# PROBLEM TO WORK ON
Retype, exactly as they stand, the lines from the start of the data to the line that contains "這台帥氣的LOWRIDER BIKE 是來自台南知名的DJ", both ends included. Leave the pictures out.
___ DATASET
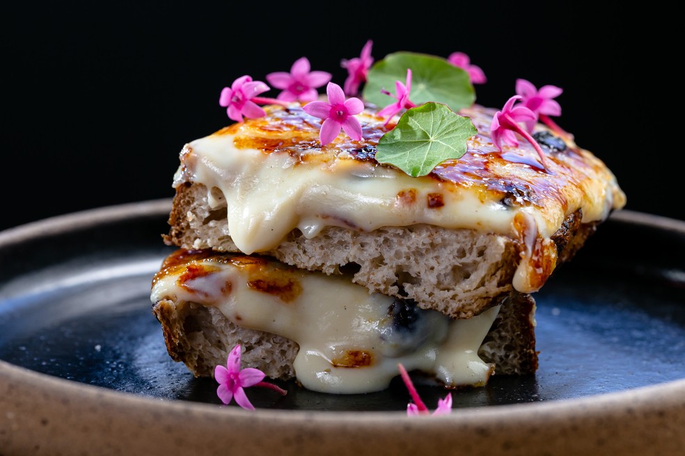 Prato: Toast de queijo minas, gorgonzola, nozes e damasco
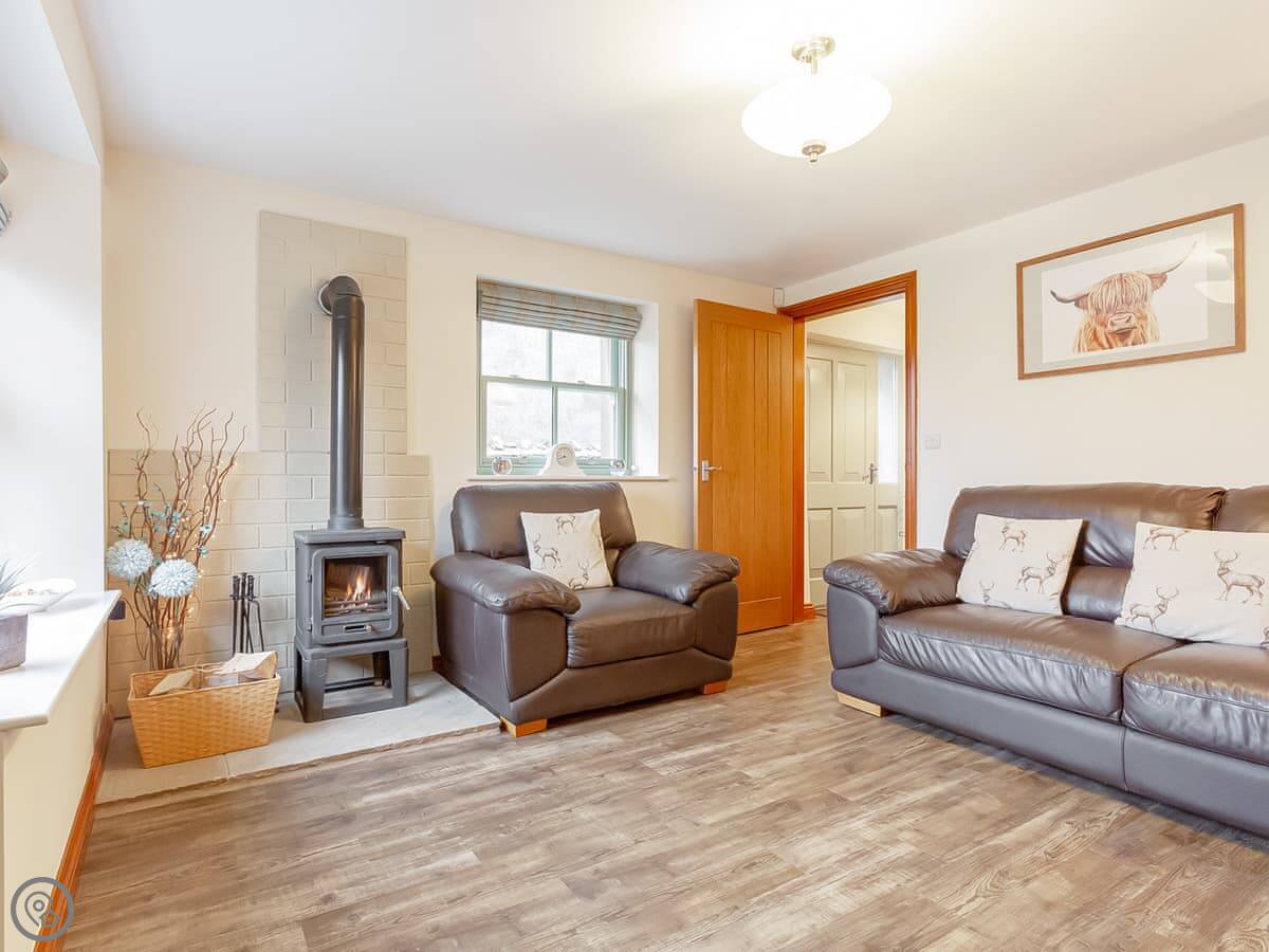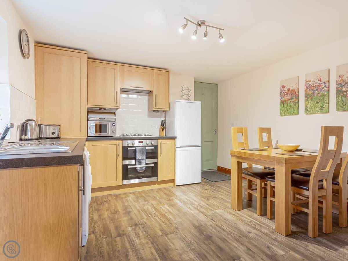 Inside, there's a wood burner in the living room. The kitchen has a dishwasher and washing machine. There's a downstairs loo. Bedding and towels are included. You can bring up to two dogs. There's parking for one car on the drive.
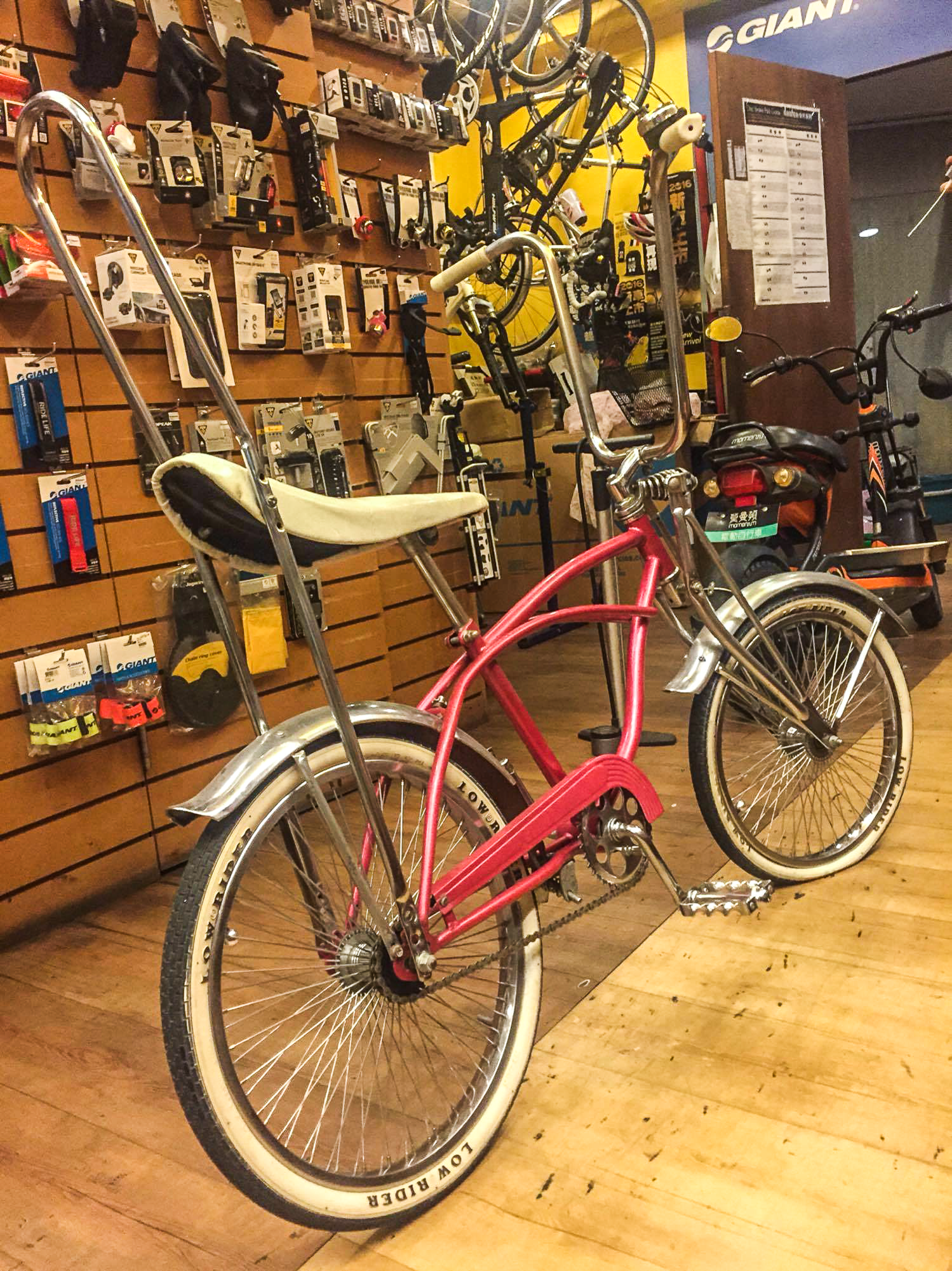 這台帥氣的LOWRIDER BIKE 是來自台南知名的DJ Dr. K 老前輩收藏的,阿逵老師說身為嘻哈人家裡一定要有一台的
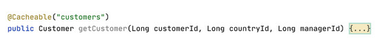 最简单的缓存键是当方法只有一个参数,并且该参数成为缓存键时。在下面的示例中, Long customerId 是缓存键
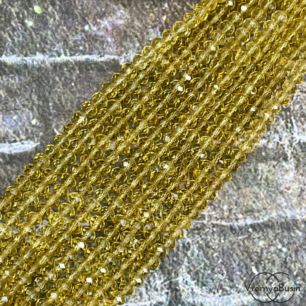 Бусины-рондели из граненого стекла, 3х4 мм, цв. медовый (нить, ок. 130 шт.)
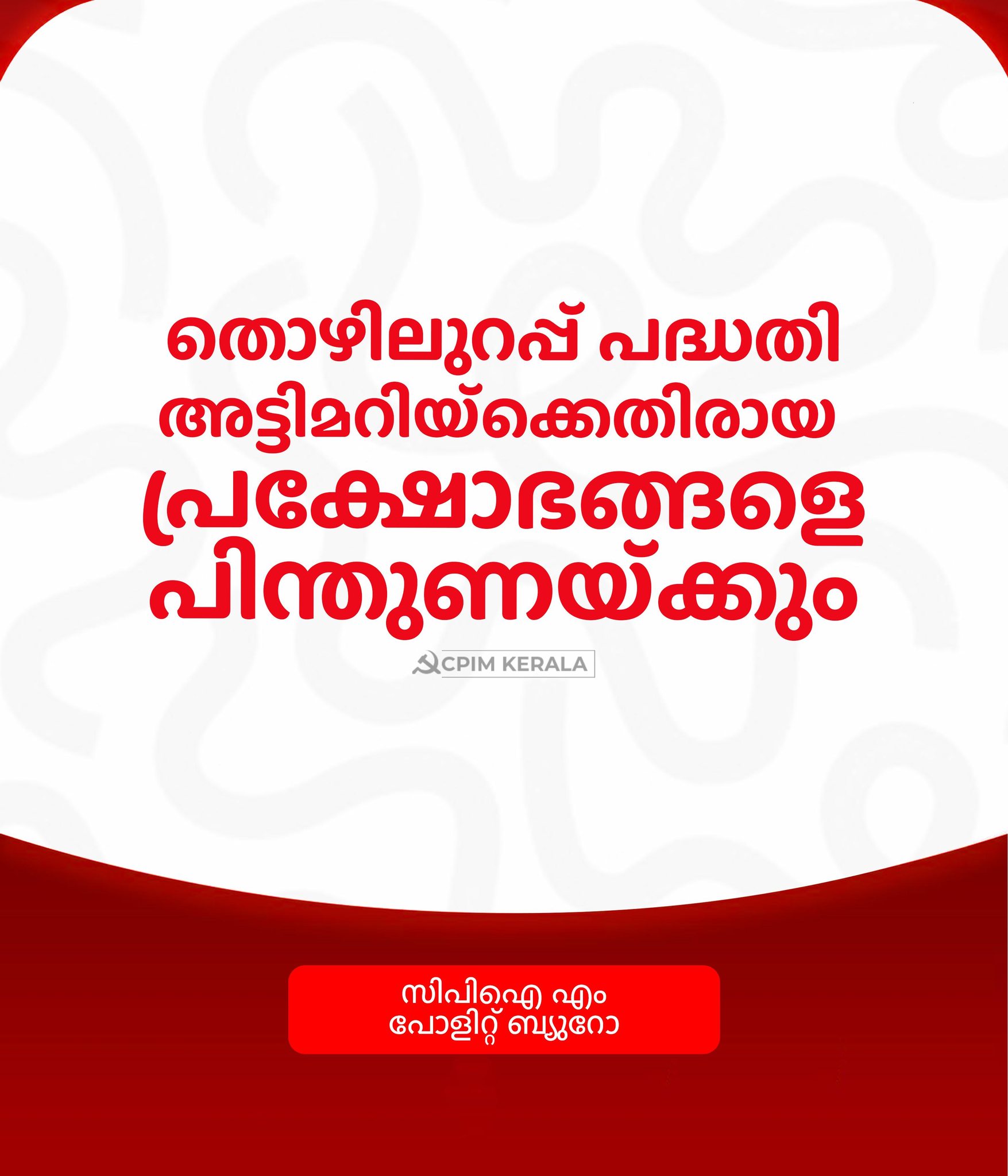 ഗ്രാമീണ തൊഴിലുറപ്പ് പദ്ധതിയെ അട്ടിമറിച്ച കേന്ദ്ര നടപടികൾക്കെതിരായി വിവിധ സംഘടനകൾ പ്രഖ്യാപിച്ചിട്ടുള്ള പ്രക്ഷോഭസമരങ്ങളെ പിന്തുണയ്ക്കും. തൊഴിലുറപ്പിന് പകരമായി തീർത്തും ദുർബലമായ മറ്റൊരു പദ്ധതി കേന്ദ്ര ബിജെപി സർക്കാർ അടിച്ചേൽപ്പിക്കുകയാണ്. തൊഴിലിന്റെ ആവശ്യകതയെയും അവകാശത്തെയും അടിസ്ഥാനപ്പെടുത്തിയുള്ള തൊഴിലുറപ്പ് പദ്ധതിയുടെ അടിസ്ഥാനഘടനയെ തന്നെ അട്ടിമറിച്ചിരിക്കുകയാണ്.
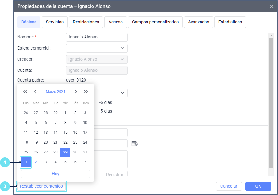 La función de restablecimiento del contenido (botón Restablecer contenido) está disponible en las propiedades:
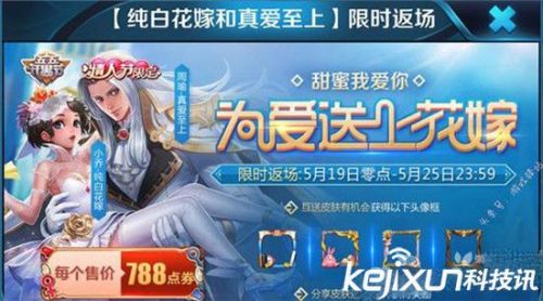 5月19日消息,王者荣耀限定皮肤返场活动5月19日正式开启,此次返场皮肤为小乔的纯白花嫁和周瑜的真爱至上,这两款作为限定皮肤可是非常珍贵的,目前这两个皮肤每个售价都是799点券,并且互送皮肤还有机会获得头像框,分享皮肤有钻石和铭文碎片拿。
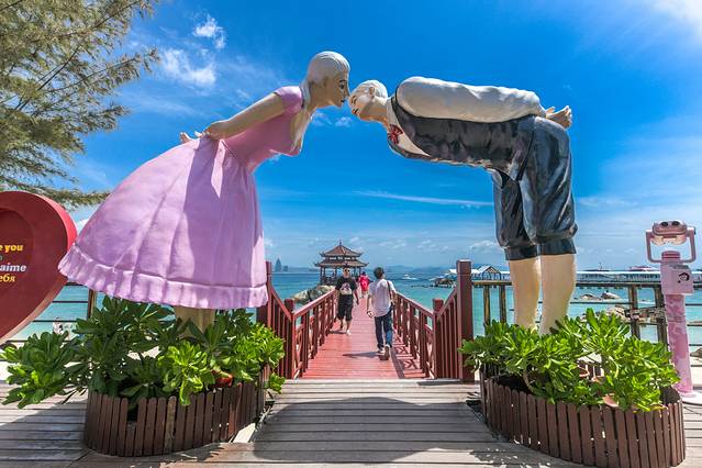 情人桥一定要情人才能上去吗?当然不是了!大家不要误以为情侣们才有资格上这座桥,也不要以为是一座网红步行桥而放弃游览。它是蜈支洲岛上拥有最佳观海景的步行栈道,来蜈支洲到一定要到这座步行桥看一看。之前我一直在寻找蜈支洲岛最佳观景点,没想到居然隐藏在这座看似普通的网红步行桥上。
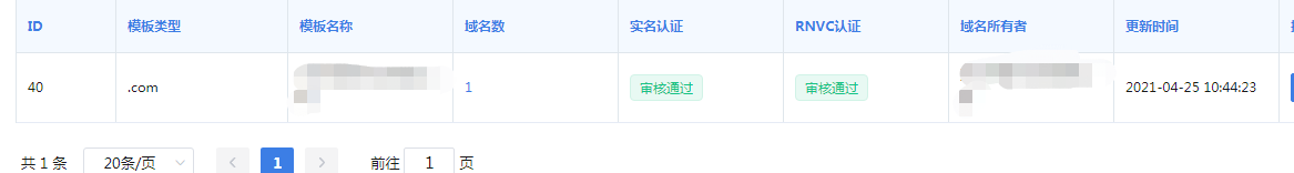 【模板管理】里实名认证和RNVC认证的状态要是如【审核通过】,则对应的域名管理状态会显示【正常】。域名模板约1个工作日审核通过
______
# ANSWER SECTION
 Prato: Toast de queijo minas, gorgonzola, nozes e damasco
 Inside, there's a wood burner in the living room. The kitchen has a dishwasher and washing machine. There's a downstairs loo. Bedding and towels are included. You can bring up to two dogs. There's parking for one car on the drive.
 這台帥氣的LOWRIDER BIKE 是來自台南知名的DJ Dr. K 老前輩收藏的,阿逵老師說身為嘻哈人家裡一定要有一台的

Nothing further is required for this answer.